Он осторожно отъехал от тротуара, и дальше мы катили в молчании. Он крупный мужчина, Уолтер, квадратный, как постамент, а шея – словно еще одно плечо; от него пахнет старыми кожаными ботинками и бензином – не самый неприятный запах. Судя по его потертой рубашке и бейсболке, на церемонию он не собирается. Уолтер не читает книг, и потому нам вместе удобно; в его представлении Лора – всего лишь моя сестра и ее смерть – ужасная несправедливость, вот и все.
Мне нужно было выйти замуж за такого мужчину, как Уолтер. Золотые руки.
Нет: совсем не стоило выходить замуж. Избежала бы массы неприятностей.

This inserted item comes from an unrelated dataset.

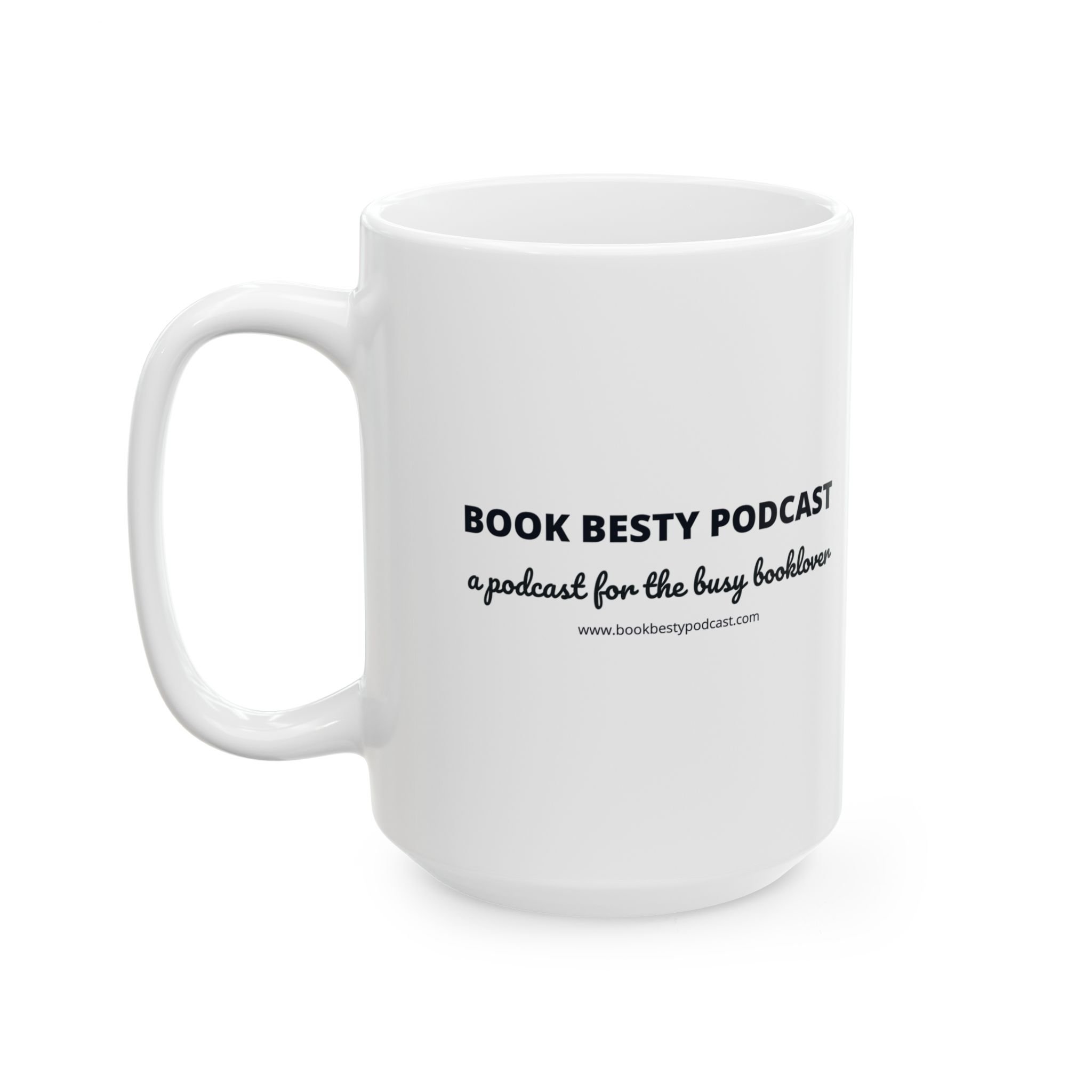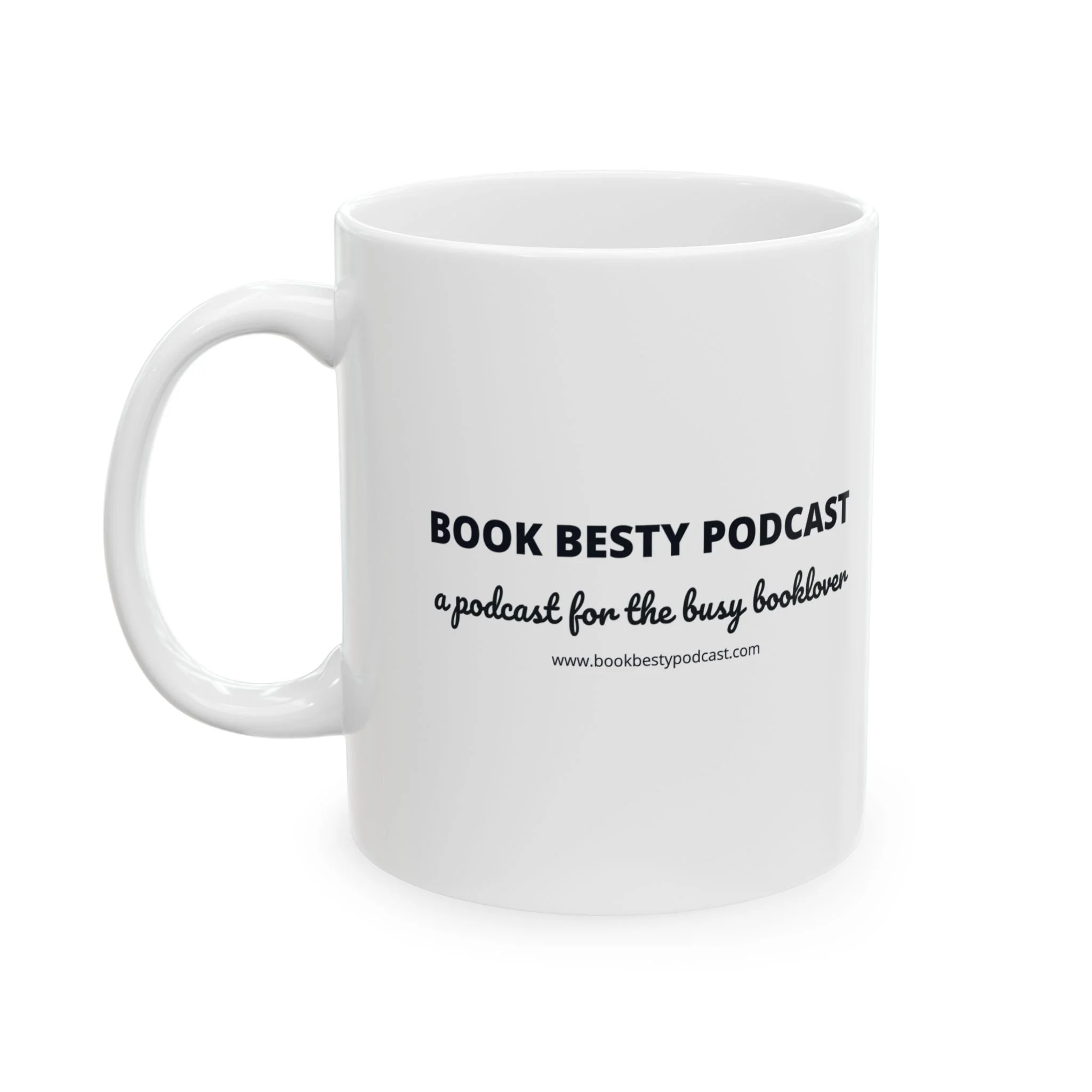 Sip slowly from this bright white Book Besty Podcast ceramic mug. The glossy surface makes the printed artwork pop while the C-handle sits comfortably in your hand. Use it while listening to the latest podcast episode or as you're reading your next book. Durable and safe for everyday use.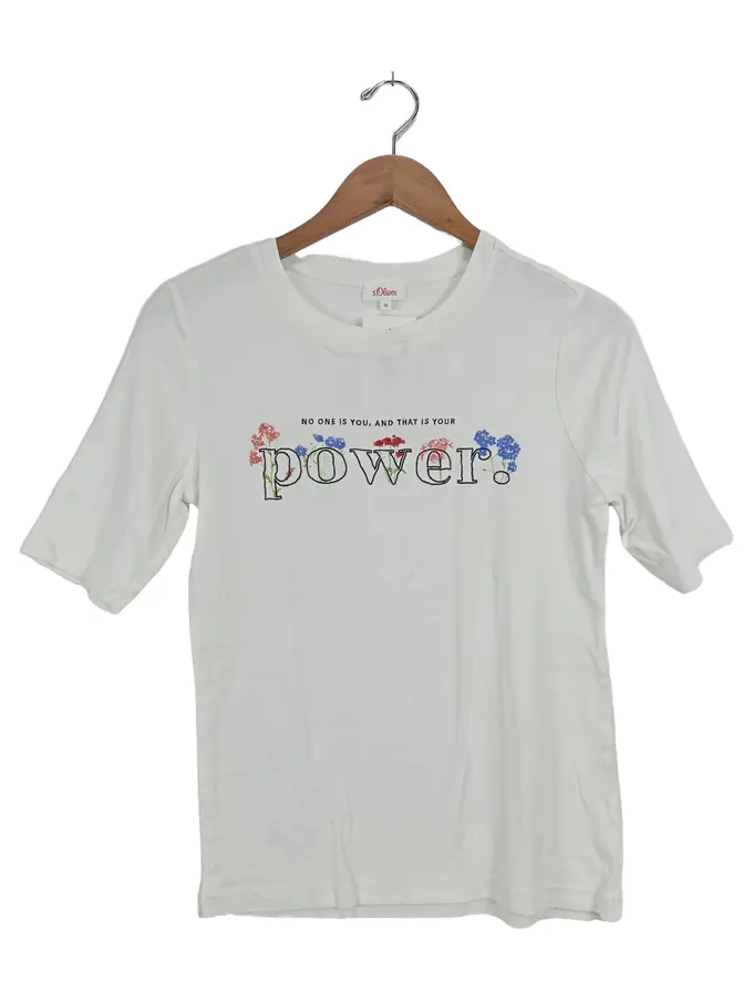 Damen T-Shirt Gr. 38/M weiß mit Power Schriftzug & Blumen Print

Уолтер затормозил перед школой. Послевоенная школа, уж пятьдесят лет прошло, но она по-прежнему кажется мне новостройкой: никак не привыкну к этой унылой бесцветности. Похожа на ящик для бутылок. По тротуару и лужайке к парадному подъезду шла молодежь с родителями. Все одеты по-летнему ярко. Майра, в белом платье сплошь в огромных красных розах, уже нас поджидала, кричала нам с крыльца. Женщинам с таким задом не стоит носить платья с крупными цветами. Стоит помянуть и корсеты – не то чтобы я о них скучала. Майра сделала прическу; тугие, точно запеченные, седые кудряшки – похоже на парик английского адвоката.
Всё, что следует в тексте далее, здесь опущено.